_ABOUT THIS TASK_
Pictures excluded, output the lines of the data below between the one holding "Horizon Custom instrument" and the one holding "Bolivarian Government travels", inclusive, exactly as they stand.

_DATASET RECORDS_
-=-=-

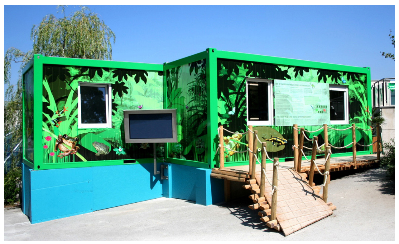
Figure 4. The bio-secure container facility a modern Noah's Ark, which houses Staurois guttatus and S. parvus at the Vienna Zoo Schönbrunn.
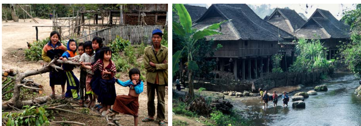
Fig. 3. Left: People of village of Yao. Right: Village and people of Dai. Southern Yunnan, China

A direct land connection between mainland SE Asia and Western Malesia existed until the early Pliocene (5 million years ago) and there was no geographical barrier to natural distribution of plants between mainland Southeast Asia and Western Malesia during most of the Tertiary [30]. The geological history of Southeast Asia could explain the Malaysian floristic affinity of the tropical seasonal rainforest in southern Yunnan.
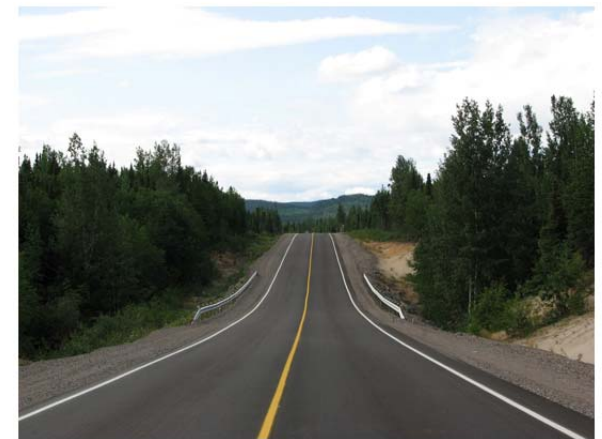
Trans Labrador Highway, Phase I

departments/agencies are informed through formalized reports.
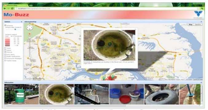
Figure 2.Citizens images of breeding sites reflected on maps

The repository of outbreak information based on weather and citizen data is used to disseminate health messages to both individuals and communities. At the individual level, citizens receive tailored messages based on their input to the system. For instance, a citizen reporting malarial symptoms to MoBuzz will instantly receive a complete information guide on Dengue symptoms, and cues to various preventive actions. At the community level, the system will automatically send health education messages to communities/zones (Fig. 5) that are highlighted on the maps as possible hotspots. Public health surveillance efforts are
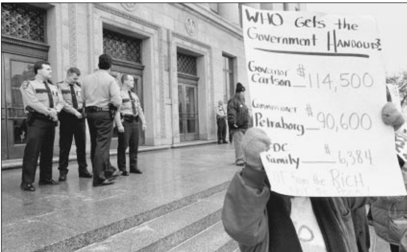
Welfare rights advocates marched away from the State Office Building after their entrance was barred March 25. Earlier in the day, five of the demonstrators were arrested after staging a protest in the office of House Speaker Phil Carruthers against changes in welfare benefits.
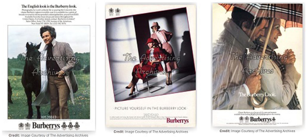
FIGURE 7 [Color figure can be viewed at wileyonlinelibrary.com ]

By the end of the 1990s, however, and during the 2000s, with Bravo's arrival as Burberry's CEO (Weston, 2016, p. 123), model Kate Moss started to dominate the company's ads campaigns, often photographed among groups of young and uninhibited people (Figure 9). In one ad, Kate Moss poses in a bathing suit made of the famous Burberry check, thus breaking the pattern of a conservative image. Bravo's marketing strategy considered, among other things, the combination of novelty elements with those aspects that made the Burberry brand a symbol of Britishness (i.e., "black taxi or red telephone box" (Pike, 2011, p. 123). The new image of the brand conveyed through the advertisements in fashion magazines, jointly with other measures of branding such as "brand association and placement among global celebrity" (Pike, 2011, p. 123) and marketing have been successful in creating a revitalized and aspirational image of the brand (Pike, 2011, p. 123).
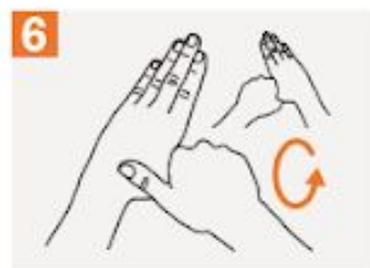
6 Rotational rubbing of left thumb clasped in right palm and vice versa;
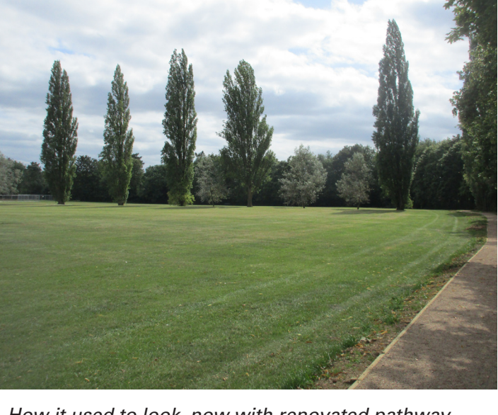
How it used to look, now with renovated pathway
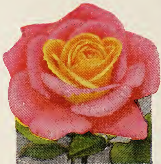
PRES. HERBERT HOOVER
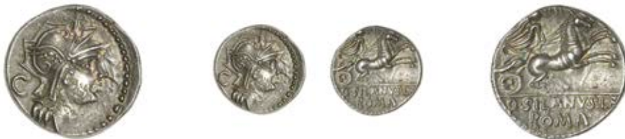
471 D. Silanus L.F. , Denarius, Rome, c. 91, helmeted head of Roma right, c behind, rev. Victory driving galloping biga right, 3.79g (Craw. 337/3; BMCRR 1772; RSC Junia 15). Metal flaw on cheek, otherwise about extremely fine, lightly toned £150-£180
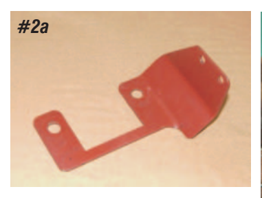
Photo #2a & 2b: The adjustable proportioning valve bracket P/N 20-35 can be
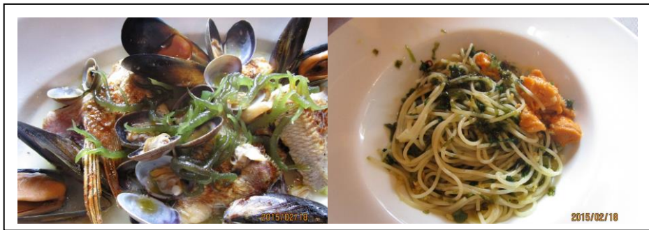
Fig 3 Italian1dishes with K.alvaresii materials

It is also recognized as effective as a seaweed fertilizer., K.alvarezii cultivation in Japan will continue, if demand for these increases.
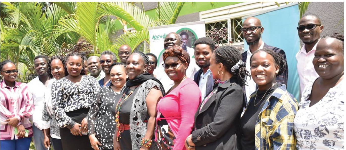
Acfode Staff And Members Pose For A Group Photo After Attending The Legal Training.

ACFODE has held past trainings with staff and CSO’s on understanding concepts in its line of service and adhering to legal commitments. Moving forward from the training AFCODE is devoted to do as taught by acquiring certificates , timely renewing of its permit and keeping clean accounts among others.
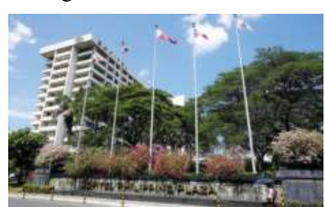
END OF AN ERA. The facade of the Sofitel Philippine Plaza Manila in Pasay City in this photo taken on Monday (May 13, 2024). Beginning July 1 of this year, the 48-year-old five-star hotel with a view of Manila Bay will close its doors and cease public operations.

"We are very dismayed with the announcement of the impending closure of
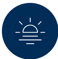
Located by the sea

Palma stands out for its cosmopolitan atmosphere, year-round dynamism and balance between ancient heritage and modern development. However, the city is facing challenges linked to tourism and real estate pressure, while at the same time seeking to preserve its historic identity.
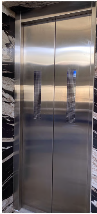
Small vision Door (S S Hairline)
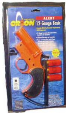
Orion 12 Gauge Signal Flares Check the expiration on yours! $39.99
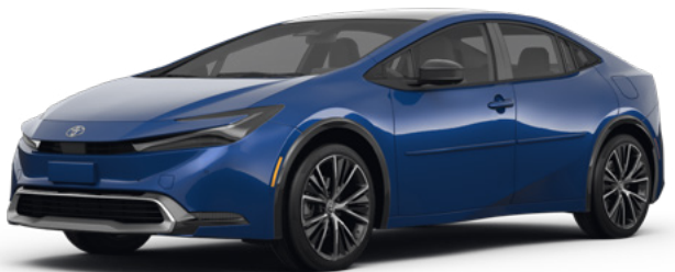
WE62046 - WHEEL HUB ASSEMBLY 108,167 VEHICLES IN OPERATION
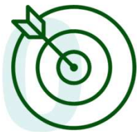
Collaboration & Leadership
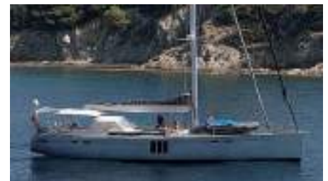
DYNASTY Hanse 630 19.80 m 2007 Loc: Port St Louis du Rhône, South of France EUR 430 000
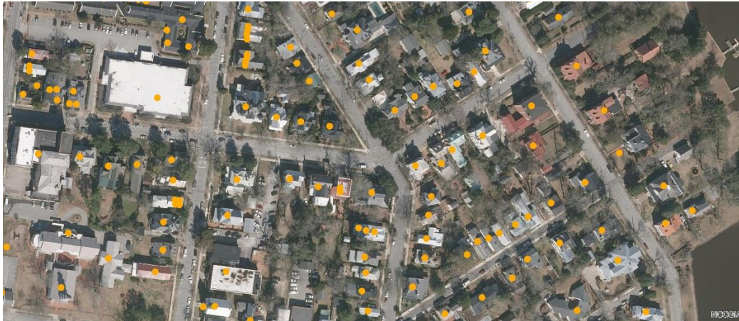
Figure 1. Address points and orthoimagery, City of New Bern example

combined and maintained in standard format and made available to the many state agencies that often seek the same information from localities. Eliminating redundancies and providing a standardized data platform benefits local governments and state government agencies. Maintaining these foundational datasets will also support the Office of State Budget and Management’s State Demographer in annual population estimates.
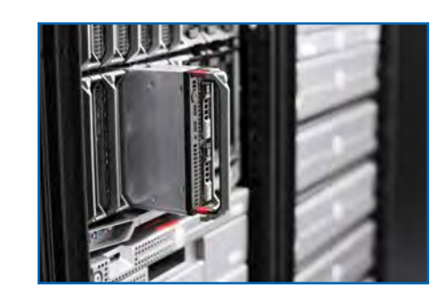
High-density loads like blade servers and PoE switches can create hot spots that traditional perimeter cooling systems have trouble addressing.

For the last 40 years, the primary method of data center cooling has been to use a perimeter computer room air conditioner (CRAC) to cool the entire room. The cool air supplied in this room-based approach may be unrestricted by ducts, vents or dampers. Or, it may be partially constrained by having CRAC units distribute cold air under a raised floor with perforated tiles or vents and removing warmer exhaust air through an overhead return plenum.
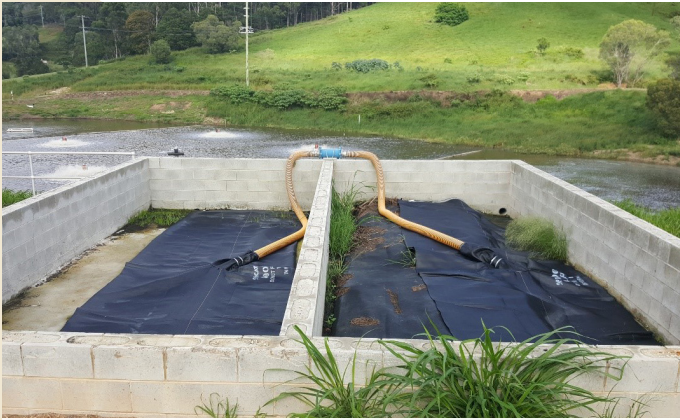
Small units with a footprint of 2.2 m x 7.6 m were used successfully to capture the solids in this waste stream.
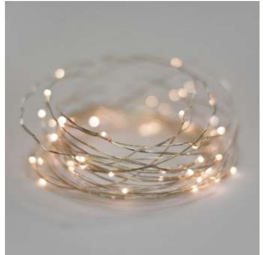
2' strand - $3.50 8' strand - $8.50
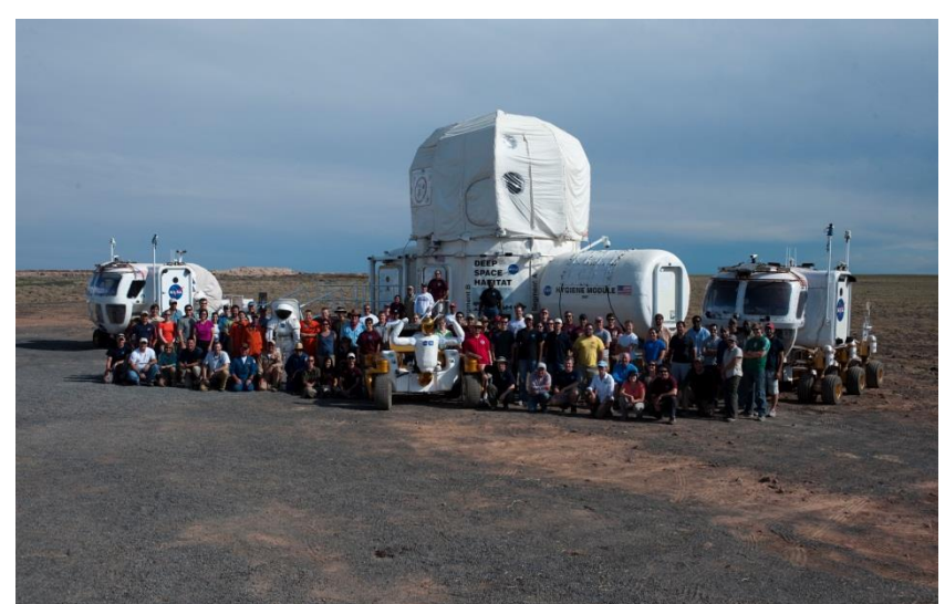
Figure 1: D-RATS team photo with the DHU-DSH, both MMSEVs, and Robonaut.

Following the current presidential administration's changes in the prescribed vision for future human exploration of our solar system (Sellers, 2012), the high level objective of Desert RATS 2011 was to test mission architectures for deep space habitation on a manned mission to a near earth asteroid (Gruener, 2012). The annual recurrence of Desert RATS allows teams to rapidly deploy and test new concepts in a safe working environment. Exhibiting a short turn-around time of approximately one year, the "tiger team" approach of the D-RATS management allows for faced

-=-=-

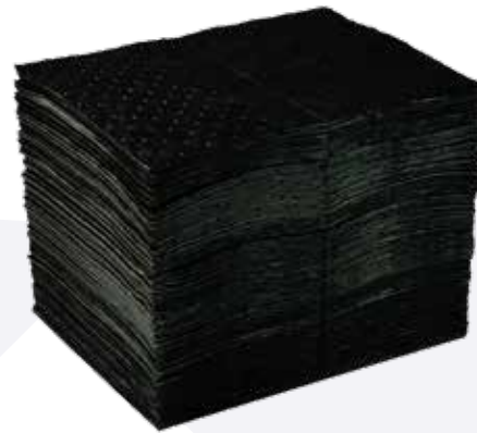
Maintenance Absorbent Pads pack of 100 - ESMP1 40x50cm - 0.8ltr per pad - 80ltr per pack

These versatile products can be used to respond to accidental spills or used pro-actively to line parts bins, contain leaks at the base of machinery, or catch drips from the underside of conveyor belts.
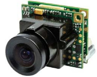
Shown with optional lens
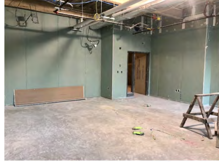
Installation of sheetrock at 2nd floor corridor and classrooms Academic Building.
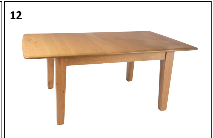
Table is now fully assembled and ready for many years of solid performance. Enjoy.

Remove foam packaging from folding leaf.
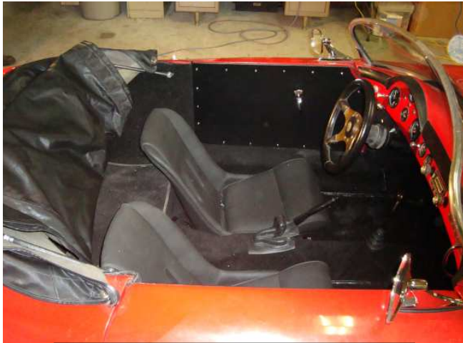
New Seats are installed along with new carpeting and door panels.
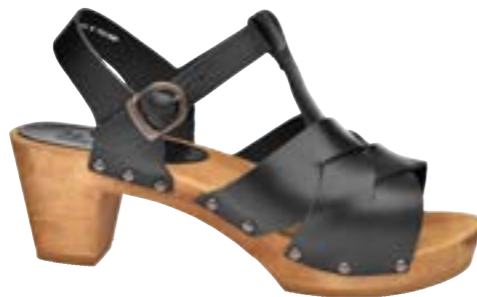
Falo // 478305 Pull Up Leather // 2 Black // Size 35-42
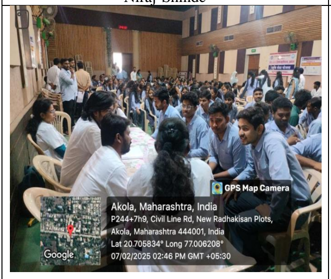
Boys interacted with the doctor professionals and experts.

-=-=-

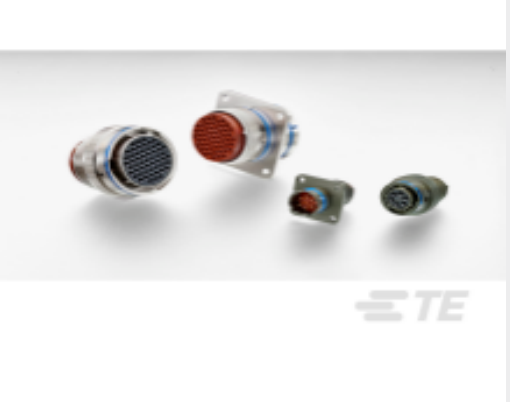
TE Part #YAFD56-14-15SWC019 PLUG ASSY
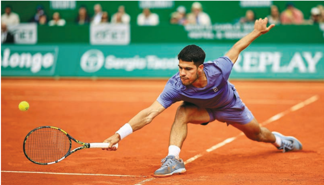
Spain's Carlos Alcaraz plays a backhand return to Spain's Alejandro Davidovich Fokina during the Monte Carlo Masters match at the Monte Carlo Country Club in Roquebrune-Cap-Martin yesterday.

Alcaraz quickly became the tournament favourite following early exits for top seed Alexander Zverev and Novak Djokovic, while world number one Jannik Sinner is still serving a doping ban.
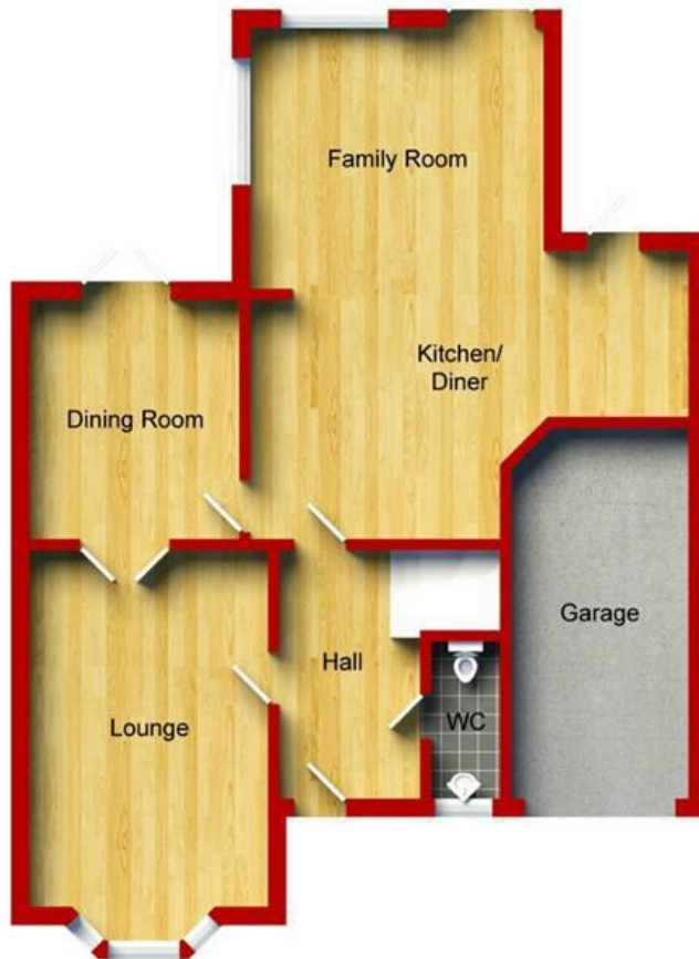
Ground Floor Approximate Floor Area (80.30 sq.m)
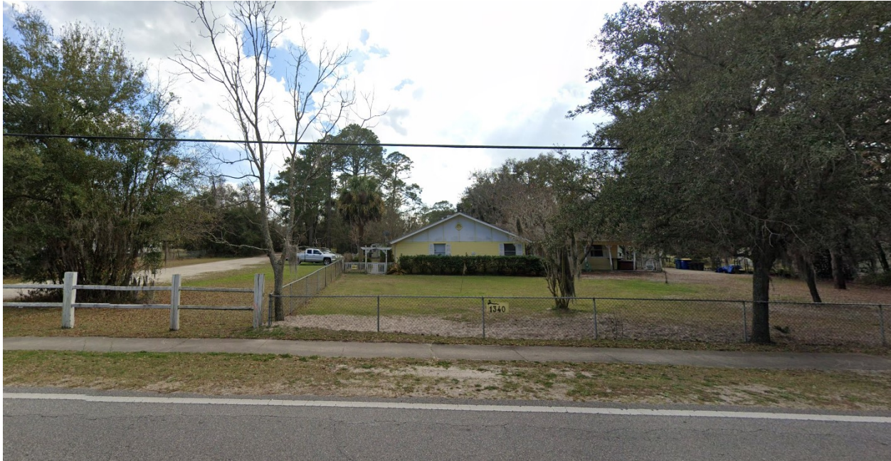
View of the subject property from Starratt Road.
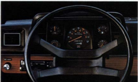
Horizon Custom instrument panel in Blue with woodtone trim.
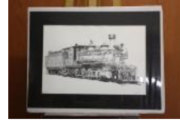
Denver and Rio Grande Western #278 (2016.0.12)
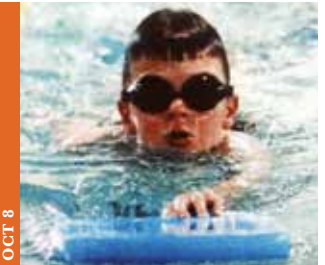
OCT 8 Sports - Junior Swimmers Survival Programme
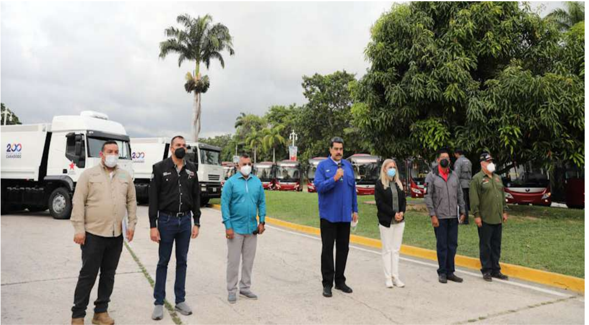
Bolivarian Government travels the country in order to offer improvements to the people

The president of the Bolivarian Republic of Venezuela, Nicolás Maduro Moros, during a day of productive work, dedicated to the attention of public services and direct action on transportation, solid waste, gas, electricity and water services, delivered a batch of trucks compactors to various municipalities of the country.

-=-=-

_RESPONSE TO THIS TASK_
Horizon Custom instrument panel in Blue with woodtone trim.
Denver and Rio Grande Western #278 (2016.0.12)
OCT 8 Sports - Junior Swimmers Survival Programme
Bolivarian Government travels the country in order to offer improvements to the people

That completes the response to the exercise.